What to do: Copy out the lines of the records below, and only those lines, from the one with "Northgate Technologies Inc." through the one with "4 pole female", exactly as they appear.

Dataset records: Begin

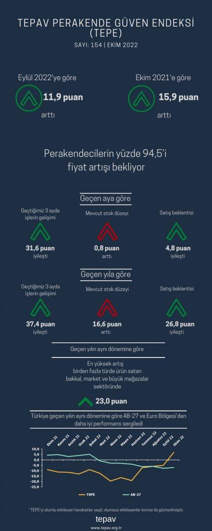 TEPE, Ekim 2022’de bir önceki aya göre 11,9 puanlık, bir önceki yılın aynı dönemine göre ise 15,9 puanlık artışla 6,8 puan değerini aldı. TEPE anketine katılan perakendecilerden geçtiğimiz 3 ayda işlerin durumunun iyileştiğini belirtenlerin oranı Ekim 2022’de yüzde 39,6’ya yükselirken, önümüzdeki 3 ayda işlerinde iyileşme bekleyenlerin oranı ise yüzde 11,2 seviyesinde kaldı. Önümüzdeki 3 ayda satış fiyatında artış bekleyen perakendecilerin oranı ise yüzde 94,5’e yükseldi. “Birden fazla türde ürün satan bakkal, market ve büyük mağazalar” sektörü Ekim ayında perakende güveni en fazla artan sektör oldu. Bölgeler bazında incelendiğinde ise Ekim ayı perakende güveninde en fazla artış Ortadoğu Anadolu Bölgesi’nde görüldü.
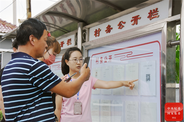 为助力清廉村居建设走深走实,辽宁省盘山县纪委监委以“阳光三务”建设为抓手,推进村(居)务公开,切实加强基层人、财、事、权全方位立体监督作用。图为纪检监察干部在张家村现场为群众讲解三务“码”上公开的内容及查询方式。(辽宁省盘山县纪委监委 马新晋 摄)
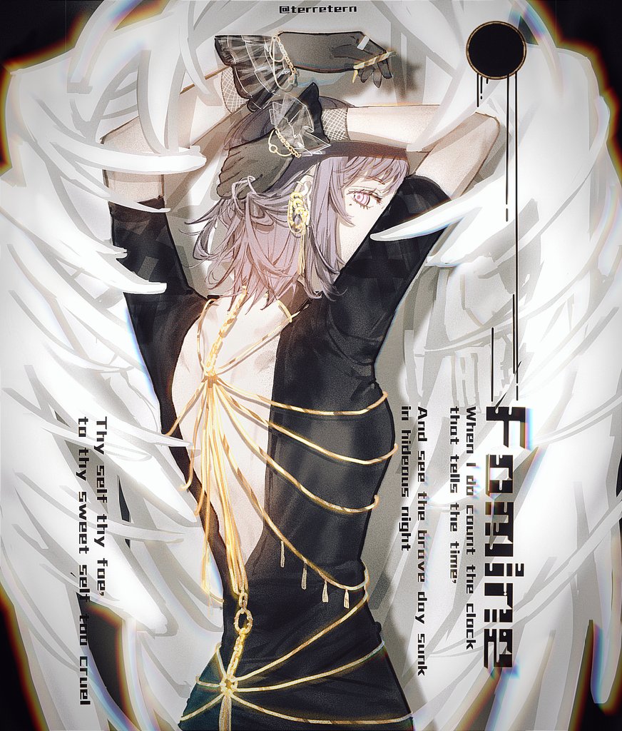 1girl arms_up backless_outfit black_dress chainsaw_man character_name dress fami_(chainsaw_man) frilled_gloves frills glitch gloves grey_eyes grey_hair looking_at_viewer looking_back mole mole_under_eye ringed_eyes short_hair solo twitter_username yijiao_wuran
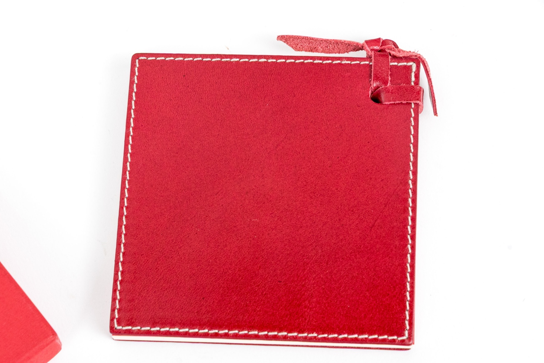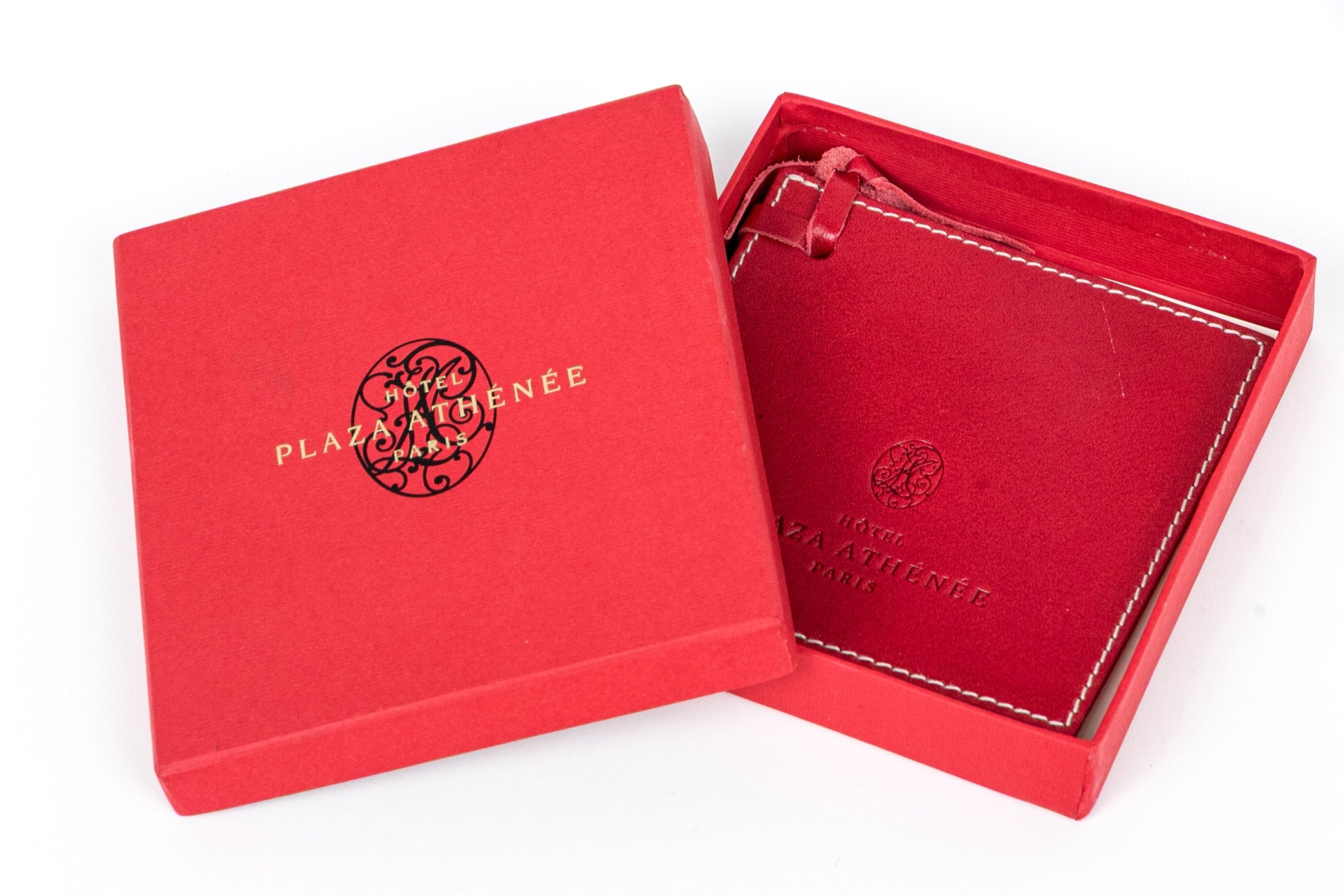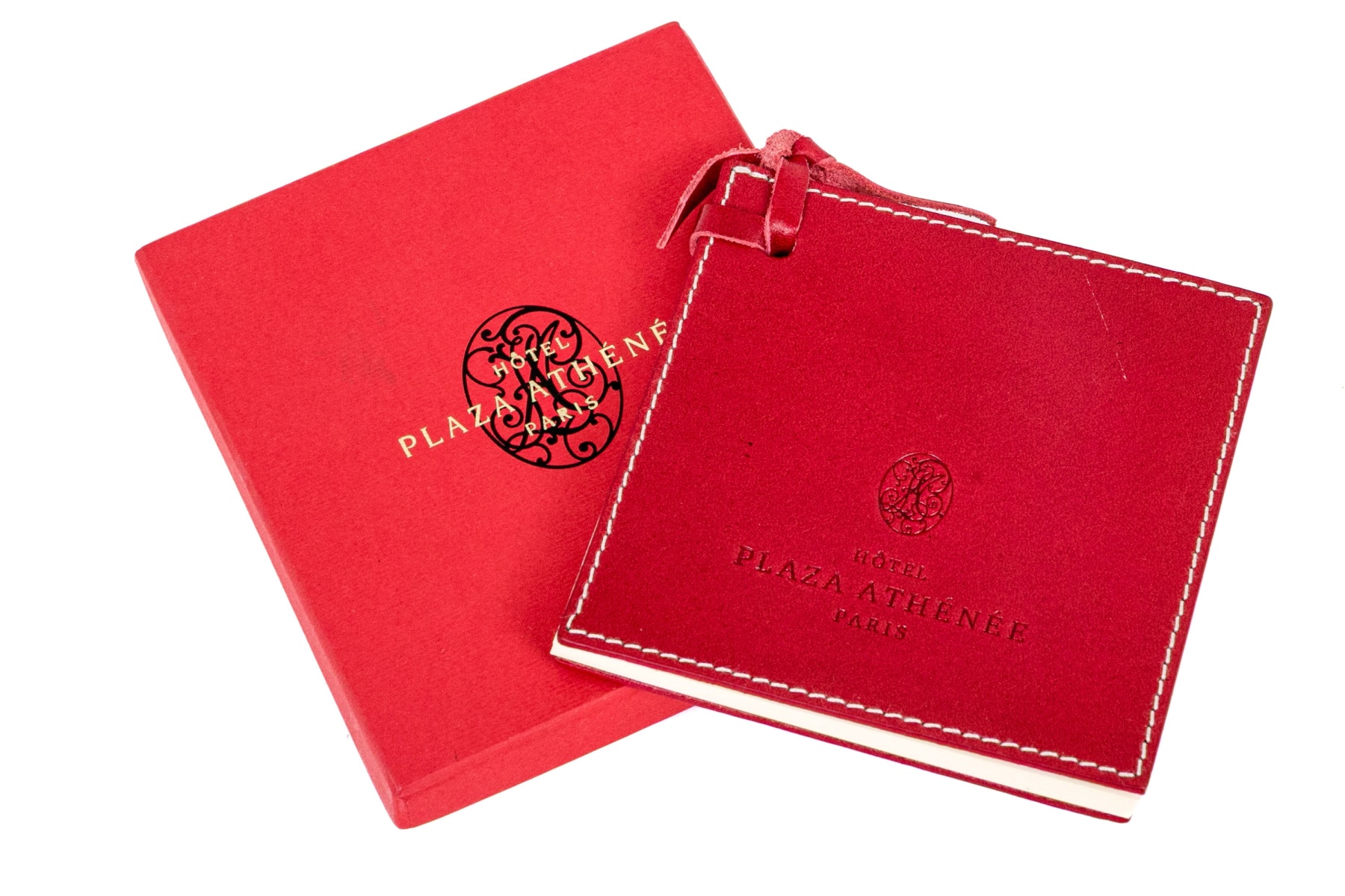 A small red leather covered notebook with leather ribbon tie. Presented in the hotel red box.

Dataset records: End
Dataset records: Begin

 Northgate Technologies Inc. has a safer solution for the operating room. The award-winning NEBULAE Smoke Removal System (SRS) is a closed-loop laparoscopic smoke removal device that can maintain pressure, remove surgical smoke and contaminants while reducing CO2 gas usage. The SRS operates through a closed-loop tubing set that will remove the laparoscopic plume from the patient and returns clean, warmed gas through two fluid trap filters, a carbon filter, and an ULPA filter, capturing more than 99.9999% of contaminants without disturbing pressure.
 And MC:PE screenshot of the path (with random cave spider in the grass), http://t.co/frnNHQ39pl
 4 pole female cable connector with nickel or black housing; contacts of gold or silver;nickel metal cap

Dataset records: End

Solution to this task:
 Northgate Technologies Inc. has a safer solution for the operating room. The award-winning NEBULAE Smoke Removal System (SRS) is a closed-loop laparoscopic smoke removal device that can maintain pressure, remove surgical smoke and contaminants while reducing CO2 gas usage. The SRS operates through a closed-loop tubing set that will remove the laparoscopic plume from the patient and returns clean, warmed gas through two fluid trap filters, a carbon filter, and an ULPA filter, capturing more than 99.9999% of contaminants without disturbing pressure.
 And MC:PE screenshot of the path (with random cave spider in the grass), http://t.co/frnNHQ39pl
 4 pole female cable connector with nickel or black housing; contacts of gold or silver;nickel metal cap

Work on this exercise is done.